▶ _BRIEF_
From the line containing "Но тем не менее, давайте" to the line containing "Pamuklu Puantiyeli Kısa" in the entries below, reproduce every line exactly, ends included. Nothing else belongs in the copy, and no pictures.

▶ _RECORDS SHOWN_

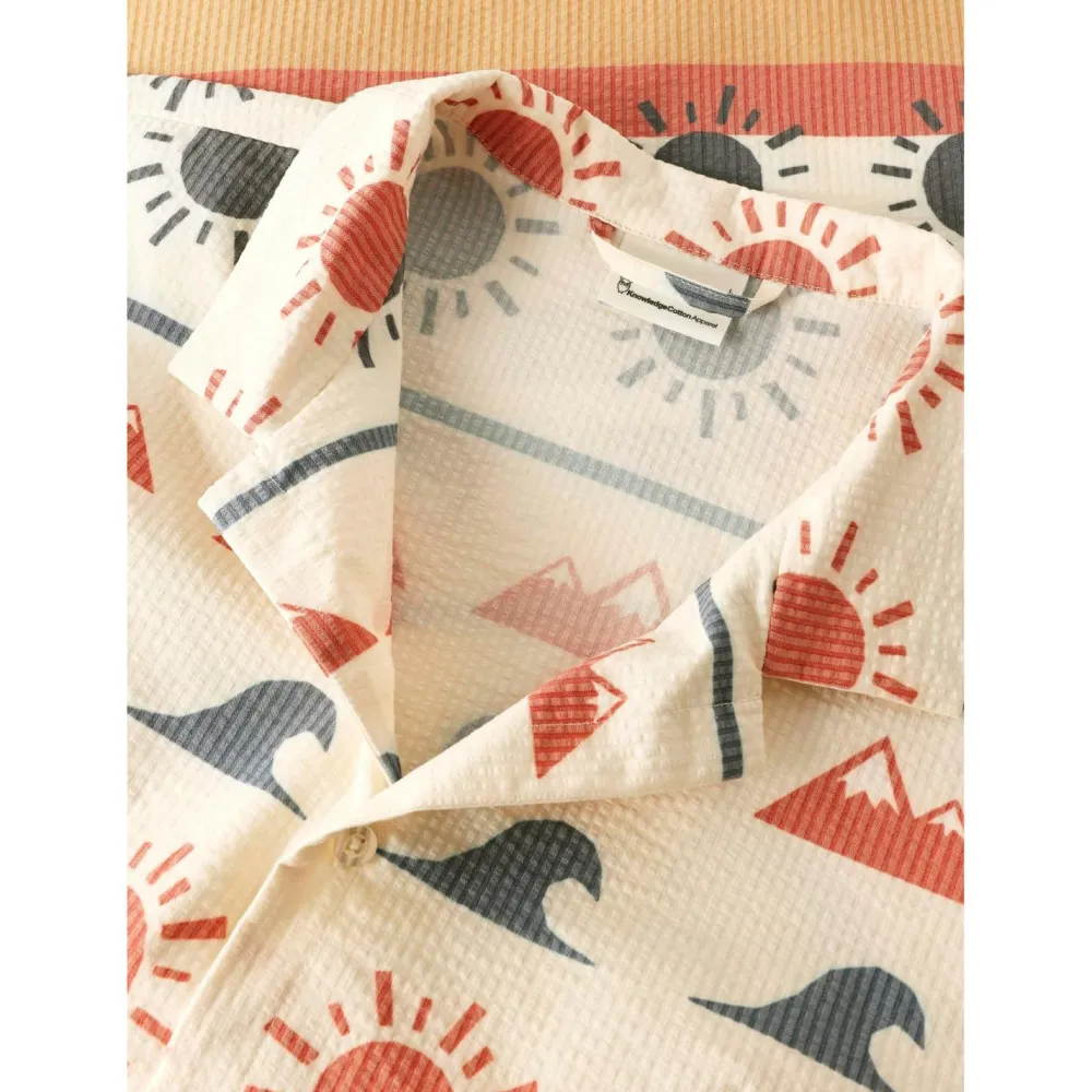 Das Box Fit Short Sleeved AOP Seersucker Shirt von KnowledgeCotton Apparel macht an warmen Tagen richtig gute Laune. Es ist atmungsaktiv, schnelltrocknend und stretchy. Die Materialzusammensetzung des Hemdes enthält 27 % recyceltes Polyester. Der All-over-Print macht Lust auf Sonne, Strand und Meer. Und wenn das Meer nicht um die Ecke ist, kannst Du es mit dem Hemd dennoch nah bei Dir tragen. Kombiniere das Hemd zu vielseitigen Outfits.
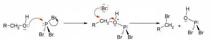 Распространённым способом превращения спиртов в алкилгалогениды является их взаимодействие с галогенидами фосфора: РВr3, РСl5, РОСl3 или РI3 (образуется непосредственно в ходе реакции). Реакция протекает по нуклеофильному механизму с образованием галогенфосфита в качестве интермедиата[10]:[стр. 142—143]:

==

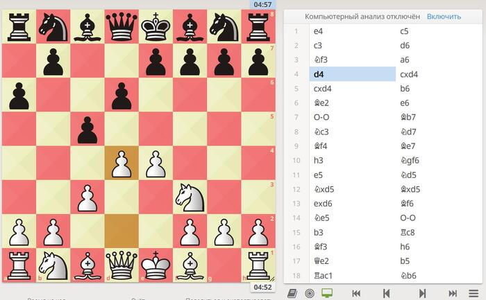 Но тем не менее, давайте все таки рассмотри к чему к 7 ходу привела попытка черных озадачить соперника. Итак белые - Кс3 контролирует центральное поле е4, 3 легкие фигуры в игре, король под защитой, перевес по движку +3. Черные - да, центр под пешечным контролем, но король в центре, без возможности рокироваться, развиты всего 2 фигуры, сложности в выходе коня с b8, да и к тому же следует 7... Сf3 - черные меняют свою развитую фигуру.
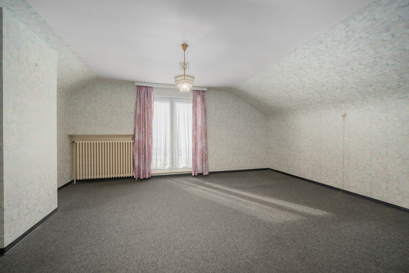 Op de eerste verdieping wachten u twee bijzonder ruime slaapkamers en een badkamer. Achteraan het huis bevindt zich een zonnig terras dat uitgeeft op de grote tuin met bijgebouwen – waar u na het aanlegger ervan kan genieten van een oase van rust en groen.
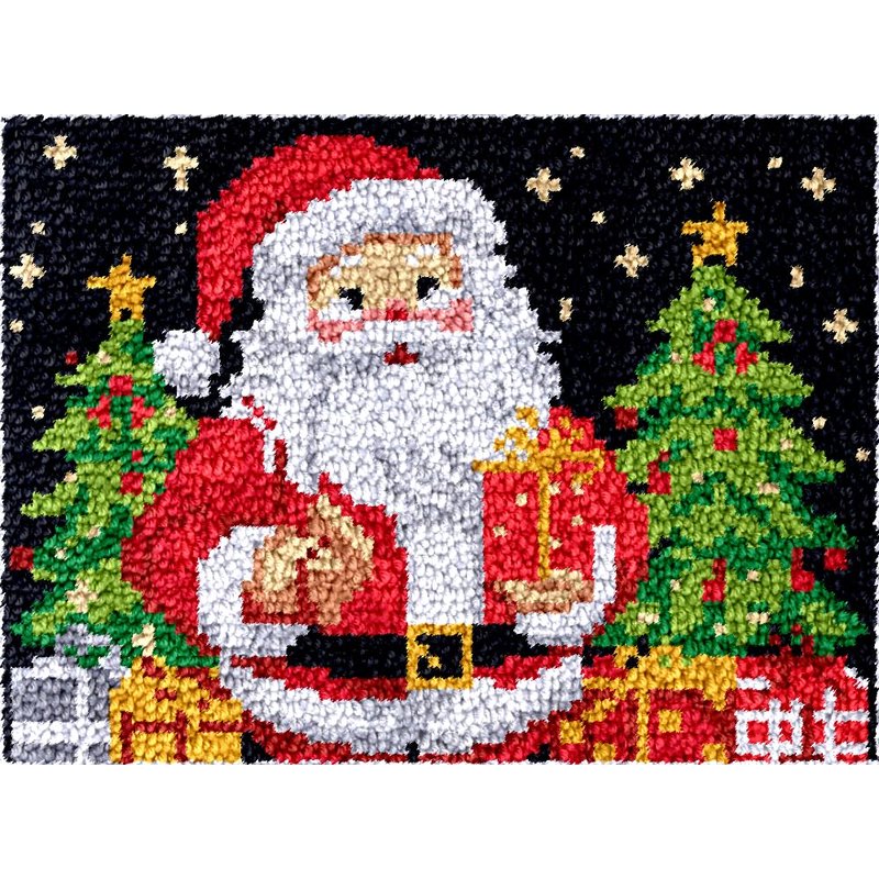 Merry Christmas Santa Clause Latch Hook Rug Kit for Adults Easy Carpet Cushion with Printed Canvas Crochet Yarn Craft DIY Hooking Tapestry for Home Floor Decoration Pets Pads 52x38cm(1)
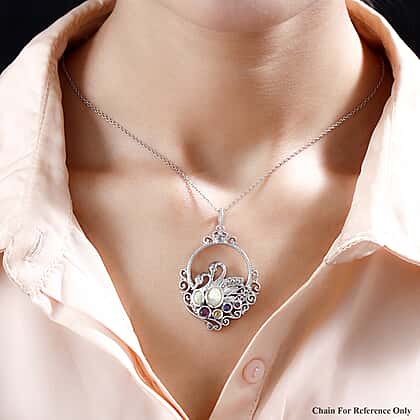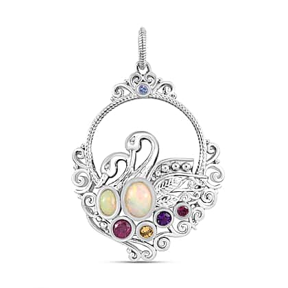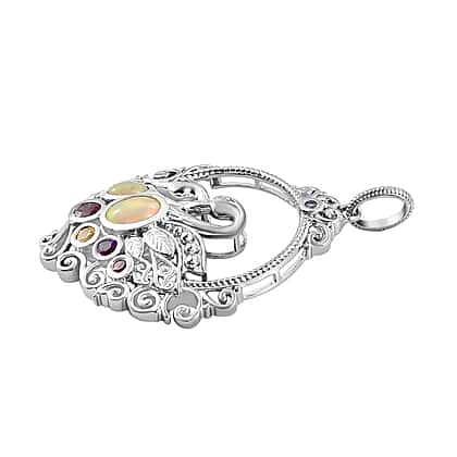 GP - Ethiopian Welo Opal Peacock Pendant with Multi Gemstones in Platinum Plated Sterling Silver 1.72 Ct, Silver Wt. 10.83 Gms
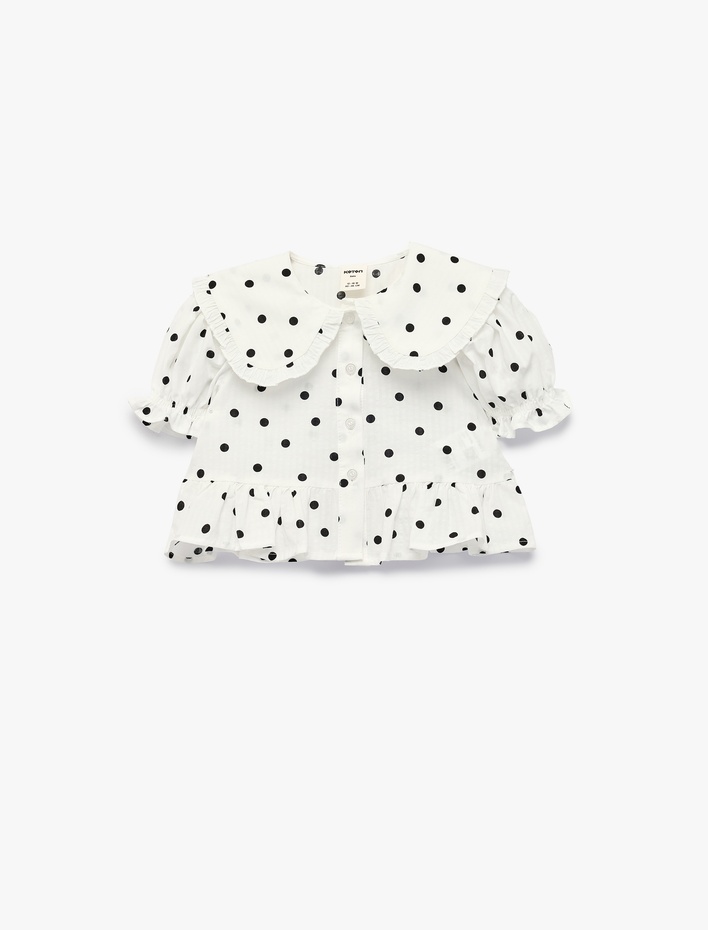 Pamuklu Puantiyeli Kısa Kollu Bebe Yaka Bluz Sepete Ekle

▶ _REPLY_
 Но тем не менее, давайте все таки рассмотри к чему к 7 ходу привела попытка черных озадачить соперника. Итак белые - Кс3 контролирует центральное поле е4, 3 легкие фигуры в игре, король под защитой, перевес по движку +3. Черные - да, центр под пешечным контролем, но король в центре, без возможности рокироваться, развиты всего 2 фигуры, сложности в выходе коня с b8, да и к тому же следует 7... Сf3 - черные меняют свою развитую фигуру.
 Op de eerste verdieping wachten u twee bijzonder ruime slaapkamers en een badkamer. Achteraan het huis bevindt zich een zonnig terras dat uitgeeft op de grote tuin met bijgebouwen – waar u na het aanlegger ervan kan genieten van een oase van rust en groen.
 Merry Christmas Santa Clause Latch Hook Rug Kit for Adults Easy Carpet Cushion with Printed Canvas Crochet Yarn Craft DIY Hooking Tapestry for Home Floor Decoration Pets Pads 52x38cm(1)
 GP - Ethiopian Welo Opal Peacock Pendant with Multi Gemstones in Platinum Plated Sterling Silver 1.72 Ct, Silver Wt. 10.83 Gms
 Pamuklu Puantiyeli Kısa Kollu Bebe Yaka Bluz Sepete Ekle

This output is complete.